Data excerpt:

- Opening Delimiter -

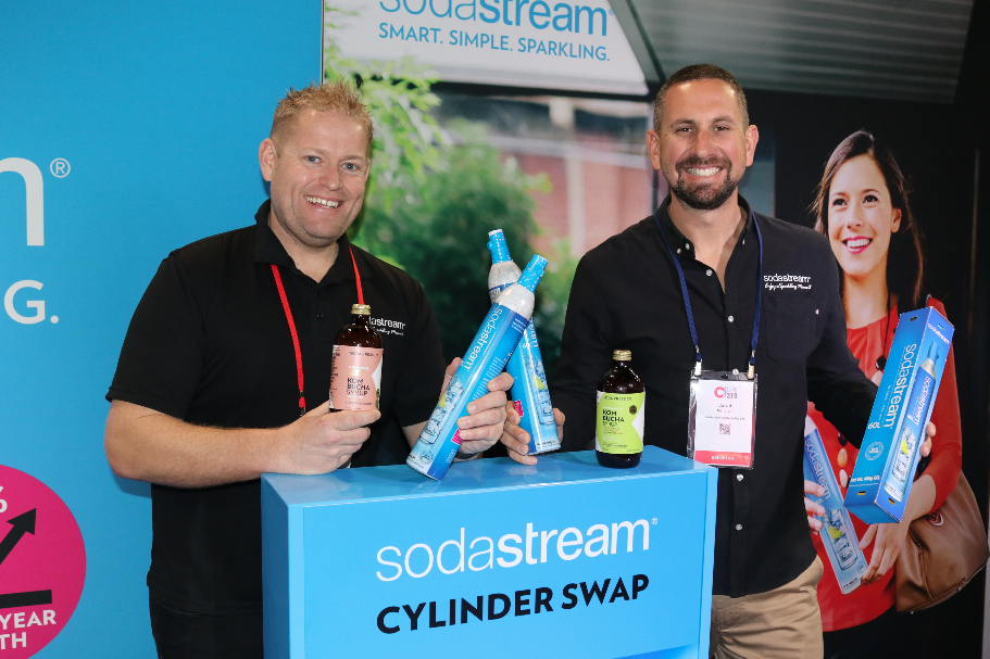 - Toby Blatchford & Jarad Mangioni from SodaStream showing off the world’s first concentrated Kombucha syrup available in Original and Cola Nut & Kaffir Lime.
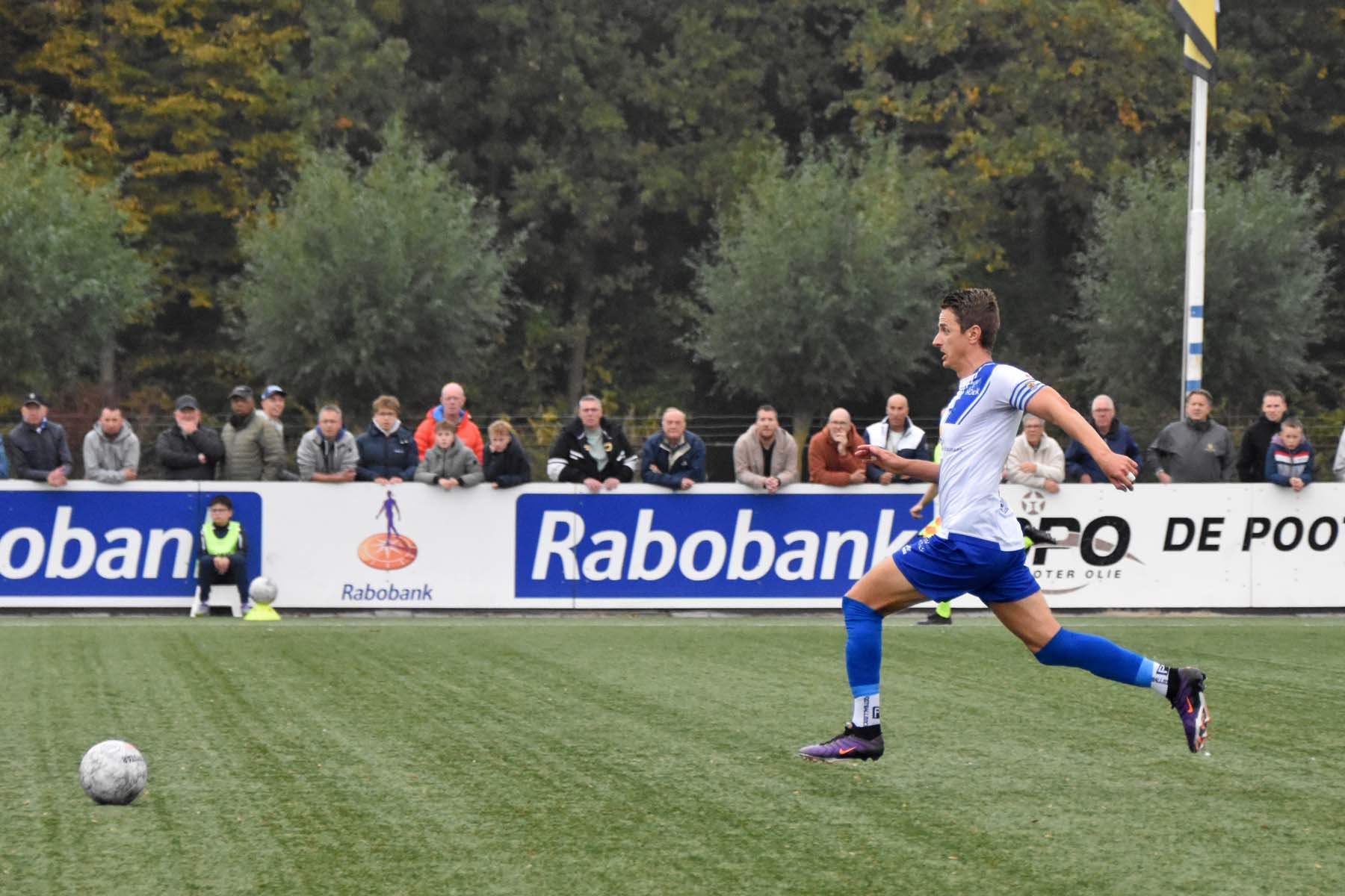buitenkant voet legt Sylvio Hage de bal terug op...
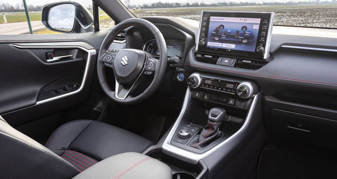 Toyota-Vertraute werden den Innenraum natürlich als 1:1-Kopie entlarven, außen hat man sich dagegen Mühe gegeben, Designelemente von Suzuki unterzubringen – was durchaus gelungen ist, der Across sieht recht flott aus. In Sachen Ausstattung haben die Japaner eine eigene Variation kreiert, die etwas unter Toyotas Top-Trimm VIP liegt – so vermisst man beim Suzuki zum Beispiel Onboard-Navi, Premium-Sound und Sitzbelüftung, die volle Garde an Assistenzsystemen ist aber an Bord.
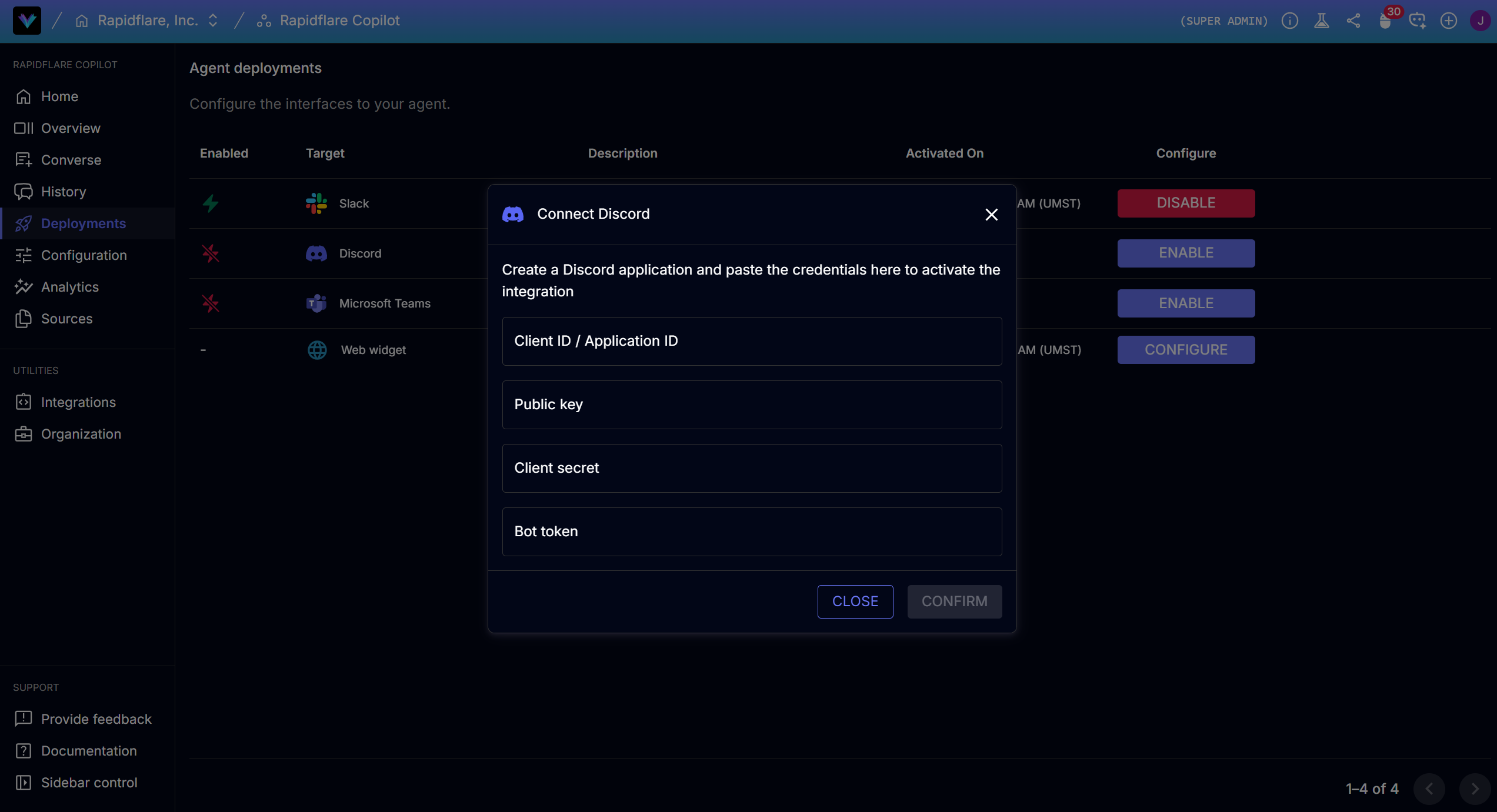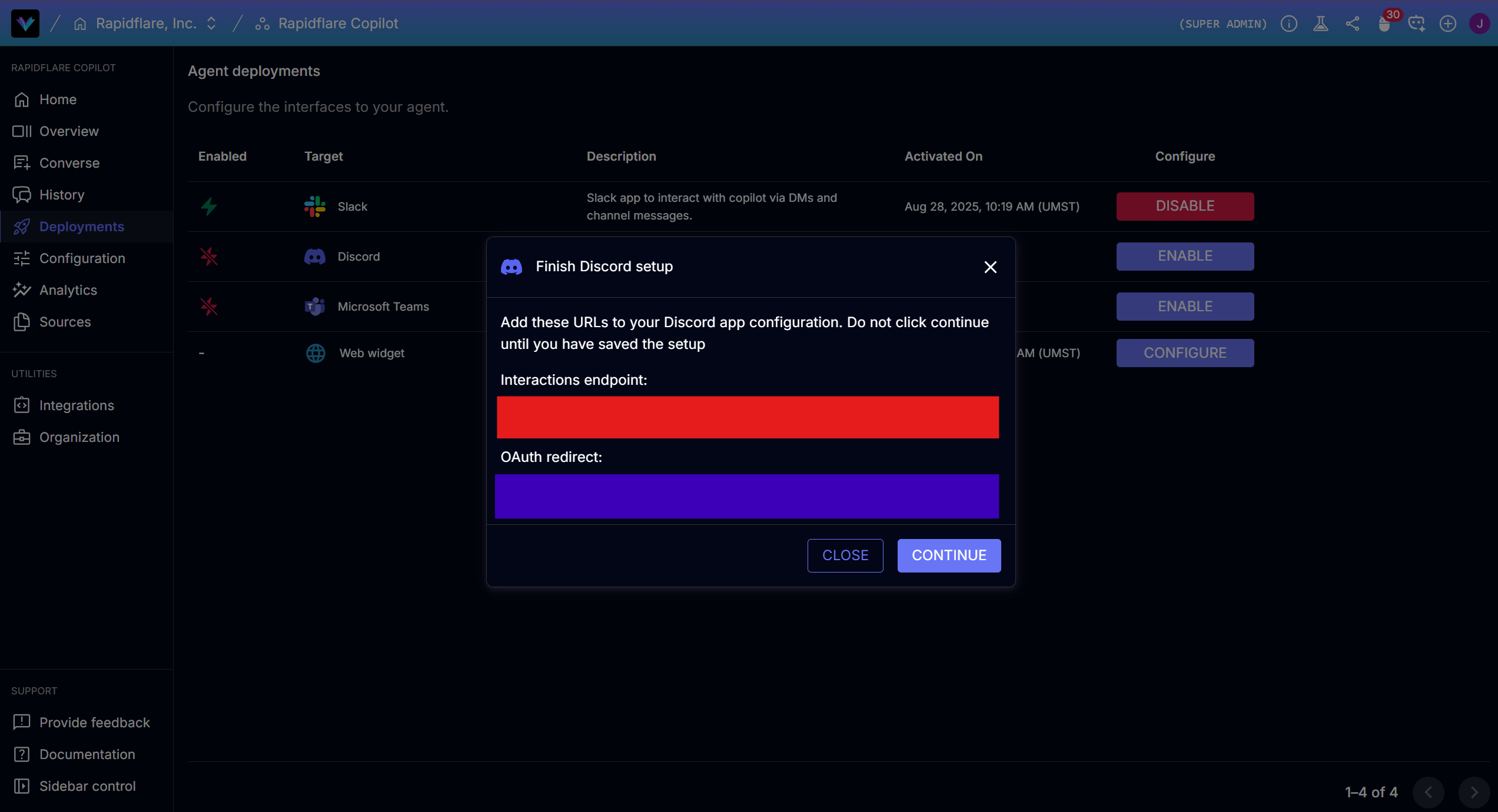 - Click Confirm. Rapidflare will generate the Interactions Endpoint URL and OAuth Redirect URL.

- Closing Delimiter -

Work required: Please produce an exact copy of the listing, omitting the pictures.

Result of the task:
 - Toby Blatchford & Jarad Mangioni from SodaStream showing off the world’s first concentrated Kombucha syrup available in Original and Cola Nut & Kaffir Lime.
buitenkant voet legt Sylvio Hage de bal terug op...
 Toyota-Vertraute werden den Innenraum natürlich als 1:1-Kopie entlarven, außen hat man sich dagegen Mühe gegeben, Designelemente von Suzuki unterzubringen – was durchaus gelungen ist, der Across sieht recht flott aus. In Sachen Ausstattung haben die Japaner eine eigene Variation kreiert, die etwas unter Toyotas Top-Trimm VIP liegt – so vermisst man beim Suzuki zum Beispiel Onboard-Navi, Premium-Sound und Sitzbelüftung, die volle Garde an Assistenzsystemen ist aber an Bord.
 - Click Confirm. Rapidflare will generate the Interactions Endpoint URL and OAuth Redirect URL.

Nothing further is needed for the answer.